Figure 6 presents our proposed CIM circuit architecture integrating a DA circuit architecture in memory without any digital circuits, such as a full adder or shifter circuit, to implement a DA calculation algorithm. In addition, the CIM architecture requires no additional weighting data; correspondingly, placing the results data and the buffer register on the same cell array can reduce both data access time and power consumption. The execution speed depends on the clock frequency, read speed of memory, and length of the calculation unit. Therefore, the novel CIM architecture performs faster than the traditional DA architecture and has lower power consumption because of the operations performed in memory.
Figure 6. Our CIM circuit architecture.
Due to the advantages of the DA algorithm, the precalculated partial sum can be stored in the memory, and the shifter adder can then be used to accumulate the sum of each part. Therefore, our approach uses only a shifter adder and does not require a multiplier with a long critical path or a large area. Our new CIM architecture avoids the lengthy execution steps and additional circuits required by previous methods.
The main components of the DA architecture circuit are the read-only memory (ROM), reg buffer, full adder, and shifter. The following section describes the structure, operation, and implementation of these components to achieve the DA architecture in memory.

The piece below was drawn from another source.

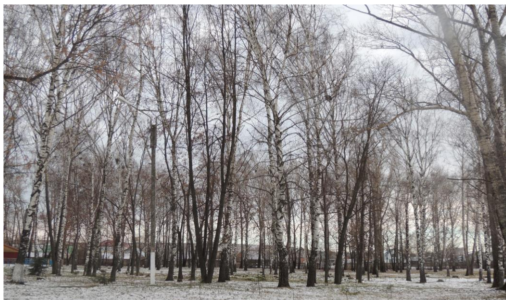
Фотография 1 — Парковая зона села Старое Шайгово

Для того, что бы описание было максимально верным, данные не искаженными – мы провели описание не на границе биотопа, т.е. сначала площадку проходили по её периметру, отмечая все встреченные экземпляры поврежденных и неповрежденных деревьев, а также упавшие и пни. А затем проходили по диагоналям и зигзагом. Осматривались все деревья (как стоячие, так и поваленные) на данной территории. Наша задача – оценить соотношение древесных пород в паркообразующем ярусе. За 100% мы принимаем цифру 10. Соответственно, если на описываемом участке 10 берез, 10 тополей, 6 лип, 4 клена, то они будут соотноситься друг с другом примерно как 5:5:3:2. Теперь можно записать так называемую формулу состава древесной стоя (ФСД): 5Б5Т3Л2К. Исходя, из ФСД можно назвать и тип парка: название строится с указанием всех паркообразующих пород, расставляемых по степени увеличения числа стволов в ярусе, т.е. в нашем случае – березово-тополюно – липово - кленовый парк, как представлено на фотографии 1.

3.2.1. Build ROM and Register (Reg) Buffer in the Memory

MRAM is nonvolatile memory, and its read speed is similar to that of DRAM; thus, MRAM is suitable as the storage unit for a DA architecture. To increase the efficiency of in-memory calculation execution and to achieve lower latency and read/write power consumption, the weighted memory and buffer register stored in the CIM are placed on the same cell array shown, as presented in Figure 7. In addition, these defined memory sizes can be changed because the entire memory space, not only one specific part of the memory, can complete CIM operations.
Figure 7. Storage unit configuration.

3.2.2. Shifter

Because the shifter is unavailable in traditional memory, our method adds N-Metal-Oxide Semiconductor (NMOS) and P-Metal-Oxide Semiconductor (PMOS) to the SA circuit architecture, as presented in Figure 8. This change enables the output of the SA to be written into different columns based on shifter control without reading data out of the cell array or rewriting; these processes would otherwise extend the read/write time.
Figure 8. Shift circuit.

3.2.3. Shifter Full-Adder

This unit is used to complete a full adder operation. First, it calculates MAJ(A,B,Cin) to obtain Cout and obtain a sum in parallel in the following step. Then, ( A C i n ) B is performed to obtain sum-reg. Finally, the left shift to the sum is executed for the next shift-adder operation, as presented in Figure 9.
Figure 9. Steps of the shift adder.

4. Experimental Process and Result

4.1. Experimental Process

The simulation was divided into three stages, as presented in Figure 10. First, the Hspice tool was used to obtain a circuit level result. Second, the result was sent to the Nvsim model for simulation by using the memory architecture-level data obtained in stage 1. Subsequently, read/write power consumption and the memory delay were sent to GEM5 to execute system-level calculations. After these three stages of simulation, the written LeNet-5 algorithm could be executed in GEM5 to obtain the read/write power consumption of the entire algorithm. In our simulation, the parameters are set as follows. We considered the setup of our SPICE and process file, referring to references [,], respectively, with read voltage = 6 mV, current = 1 uA, and register = 6 k Ω . For the setup of NVSIM, we choose 1 MB memory with 8 banks, in which each bank has 16 MATs; each MAT has 4 cell arrays; and each cell array is 16 × 1024 bits in size. Additionally, we considered accelerators using 16-bit gradients; we select MNIST as our benchmark dataset, along with the LeNet-5 NN architecture. For the CNN layers of each 32 × 32 image, we developed a bitwise CNN with six convolutional layers, two average pooling layers and two FC layers, which are equivalently implemented by convolutional layers. After collecting this information, we could conduct comparisons using the experimental data. The detailed process of each stage is described in the following paragraph.
Figure 10. Experimental architecture.

4.1.1. SOT-MRAM Simulation

The SOT-MRAM model is built at the circuit level. The MRAM model used in our research is the same as that presented in []. That study’s authors provided the SOT-MRAM Verilog-A model file that is used to facilitate simulations and verifications of the real-world performance of MRAM memory. Figure 11 presents the simulation results of MRAM Verilog-A in Cadence Virtuoso.
Figure 11. Simulated waveform of an MRAM cell.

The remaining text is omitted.